Retrospective Film Review: Bart Layton’s The Imposter

“You couldn’t make it up!” as Daily Mail columnist Richard Littlejohn might say, although if he did, this inky-black study of the psychological limits of acceptance and deception might have found a different angle; “That Frédéric Bourdin, coming over here, stealing our missing children’s identities…”.

Proof that real life donates the best scripts and dialogue, Layton’s extraordinary film hinges not only on the exploits of The Chameleon himself, already vastly documented, but on the disappearance of thirteen year old Nicholas Barclay who vanished from Texas in 1994, and his family’s – desperate? suspicious? warranted? – willingness to accept him – actually Frédéric Bourdin – back into their lives.
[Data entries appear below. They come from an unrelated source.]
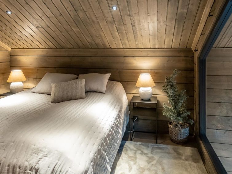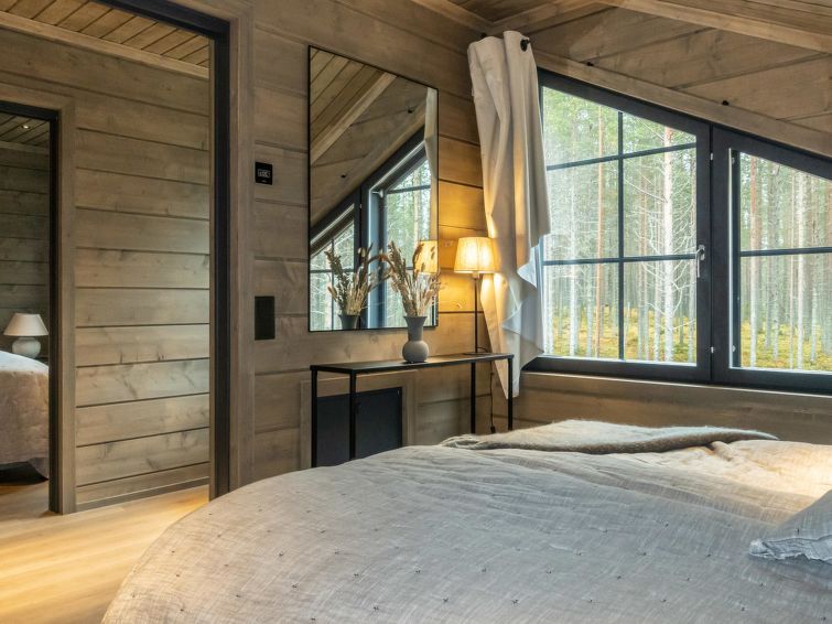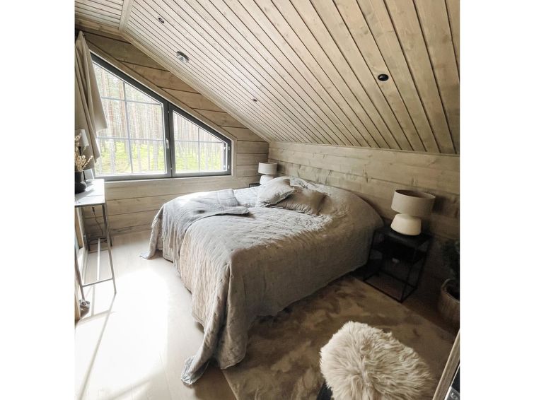 On the ground floor, there is one of Willa's four bedrooms. The bedroom has high-quality 180 cm wide bed and very high-quality pillows and blankets. The room is wonderfully bright thanks to the floor-to-ceiling window, but at night the bedroom can be darkened with a blackout curtain.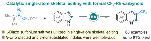 基于前期对三氟甲基卡拜及其阳离子等价体的研究(Org. Lett. 2021,23, 9256;Angew. Chem. Int. Ed. 2024,63, e202318887;Sci. China Chem. 2025,doi: 10.1007/s11426-025-2728-6),最近该团队利用自主研发的α-重氮三氟乙基锍盐作为阳离子卡拜前体,成功实现了吲哚骨架的单原子编辑,通过[2+1]环加成/分子内重排串联反应高效构建了3-三氟甲基喹啉类化合物。利用发展的合成技术,可以快速完成萘普生、伊索克酸、吲哚美辛、维生素E、布洛芬和雌酚酮等药物分子,以及Raputimonoindole B和Verticillatine B天然产物的后期骨架编辑,并可以快速完成阿达帕林类似物的制备。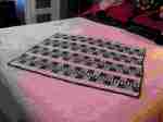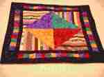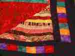 27 05 2010I made this piece as a hostess gift. I pieced seven-inch blocks with half inch strips on a foundation of muslin. I then cut the completed blocks on a diagonal and joined them with half square triangles. That called for a pieced border of the brightest colors, and, framed in black, makes this a jewel of a piece. It is an off-shoot of a much larger quilt on the same theme.
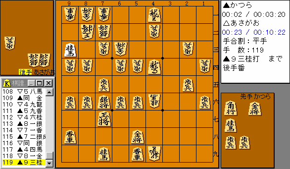 必敗形だったがすこしゆるめてもらい飛、馬が働いてきて勝負形。 ▽46桂の瞬間が”ぜ”なのでとりあえず攻めてみる。 受け間違えてくれたようでこの▲93桂で完全に逆転。 めずらしくきれいに寄せたのでおもわず載せてしまいました(^^; |

Much like James Marsh’s 2008 documentary Man On WireThe Imposter similarly constructs the narrative around a generic thriller-mould – complete with re-enacted dramatic sequences which cleverly blend the interview footage with carefully choreographed facsimiles of the real events.
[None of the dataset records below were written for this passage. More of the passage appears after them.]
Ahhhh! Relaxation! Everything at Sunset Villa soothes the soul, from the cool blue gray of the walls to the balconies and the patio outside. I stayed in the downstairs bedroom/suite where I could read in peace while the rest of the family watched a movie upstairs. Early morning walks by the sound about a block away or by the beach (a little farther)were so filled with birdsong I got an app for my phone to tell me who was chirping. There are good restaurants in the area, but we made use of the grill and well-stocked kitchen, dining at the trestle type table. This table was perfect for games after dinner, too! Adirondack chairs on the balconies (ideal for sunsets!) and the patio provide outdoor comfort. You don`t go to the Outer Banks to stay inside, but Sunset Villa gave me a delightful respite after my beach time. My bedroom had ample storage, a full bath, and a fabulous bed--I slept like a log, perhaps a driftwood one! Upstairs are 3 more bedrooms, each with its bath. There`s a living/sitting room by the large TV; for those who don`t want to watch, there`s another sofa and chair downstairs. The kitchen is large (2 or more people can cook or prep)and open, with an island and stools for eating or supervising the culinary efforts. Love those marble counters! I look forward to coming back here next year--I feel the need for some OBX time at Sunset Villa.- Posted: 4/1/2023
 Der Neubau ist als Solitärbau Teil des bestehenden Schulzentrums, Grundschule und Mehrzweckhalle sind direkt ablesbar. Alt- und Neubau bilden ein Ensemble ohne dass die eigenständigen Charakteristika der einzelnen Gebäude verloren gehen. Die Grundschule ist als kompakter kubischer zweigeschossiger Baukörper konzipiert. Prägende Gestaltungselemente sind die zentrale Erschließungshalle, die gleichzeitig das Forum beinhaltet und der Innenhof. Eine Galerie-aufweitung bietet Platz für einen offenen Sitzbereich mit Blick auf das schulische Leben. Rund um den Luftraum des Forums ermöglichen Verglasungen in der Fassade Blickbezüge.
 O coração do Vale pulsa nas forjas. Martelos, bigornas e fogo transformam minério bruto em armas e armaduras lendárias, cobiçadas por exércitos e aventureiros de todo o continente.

There’s a rather dark and unsettling shift into murkier waters in the film’s third act, when the focus shifts from Bourdin – an endlessly fascinating individual – to the grieving family itself: is there something uglier going on behind the scam, something even Bourdin is unaware of? The film is as incredulous as it is uncomfortably plausible, and, despite ourselves, we are utterly compelled to go down this particularly eerie rabbit-hole to see where it leads.